Come to think of it, time to shoot all Americans, Brits, Germans and French. Oh, and Canadians.
At least.
jd apparently does not understand that trademarks protect adjectives, not nouns. "Crayon" is not a generic name for a certain type of computer program: the trademark holder has a trademark for a computer program named Crayon, not for the word Crayon. If Suse tried to contend that "crayon" as the name of a computer program has entered the public domain, they would be laughed out of court. The concept you're confused about has to do with, say, Kleenex becoming a generic name for a facial tissue ("a kleenex"). This concept has gotten confused further by the DNS issues: before the domain name fights, it was clearer that you can't own a word, only certain applications of that word ("apple" as the name of a computer is owned by one company, "apple" as the name of a record company by another).
People need to know that if you write a clone of a program, and the program's name is not a generic name for the type of program in question (like "graph" for a graphing program), it's not legitimate to name your program just by putting a K or a G in front of the other program's name. So, "killustrator" would be a clear loser if ever taken to court, because even though Illustrator is a word, it is not a generic term describing a vector-graphics drawing program, and furthermore it will be easy to show that the name is not a coincidence, that the namer intends to suggest a relationship between the two programs.

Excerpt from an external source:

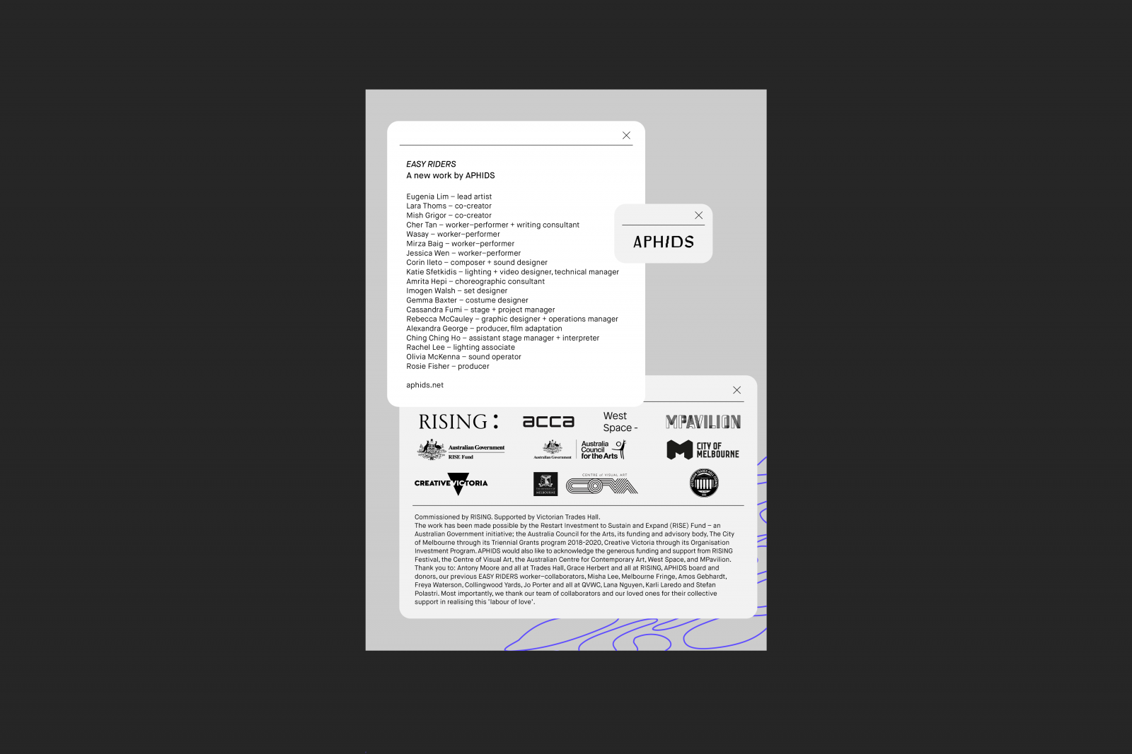 EASY RIDERS was commissioned by RISING. Supported by Victorian Trades Hall. The work has been made possible by the Restart Investment to Sustain and Expand (RISE) Fund – an Australian Government initiative; the Australia Council for the Arts, its funding and advisory body, The City of Melbourne through its Triennial Grants program 2018-2020, Creative Victoria through its Organisation Investment Program. APHIDS would also like to acknowledge the generous funding and support from partners; RISING Festival, the Centre of Visual Art, The University of Melbourne, the Australian Centre for Contemporary Art, West Space, Trades Hall and MPavilion.

Similarly, the FSF might well have a case against a proprietary program that uses GNU in its name: even though it hasn't formerly registered GNU, it's been using it as a mark for a long time in business (the FSF sells CDs, tapes, etc) and it is a widely recognized and respected name.
Now I can go out and buy that $80 proprietary linux distro I've always wanted...
crayon is the french word for pen. I thought normal words were not able to be trademarked. Even though it is in another language, it's still a normal word.
Need Free Juniper/NetScreen Support? JuniperForum
I fail to see how a word like Crayon could possibly be a legal trademark that disallows someone from using "Krayon." Will they sue Crayola next?
I'm expecting my trademark on "pencil" any day now!
Tommorow I think I'll apply for a trademark on the letter e.
That's how I've always heard it explained. I was confused about it back around the time that I was 12, and was told at that time that words couldn't be trademarked to mean anything like what they really meant. So Crayolla was trademarked, and crayon was just was a crayon was. Then I asked about Kleenex(tm) (or did I ask about kleenex?).
I'd never even heard the term facial tissue.
.
I think we've pushed this "anyone can grow up to be president" thing too far.
Surely crayon et al. should be obliged to
take every other distribution to court as well.
Failure to do so is hypocrasy, and should
be used as grounds to nullify previous case/s
I'm no laywer, but things like this are just ridiculous
Crayon is a one man company by the same guy who has a small shop here in my town, called "Seidel Softwareservice". I once bought a mouse and keyboard there. I thought he was was a nice guy, but that lawyer Gravenreuth is a leech and belongs to the lowest scum. He's been pulling these schemes for years.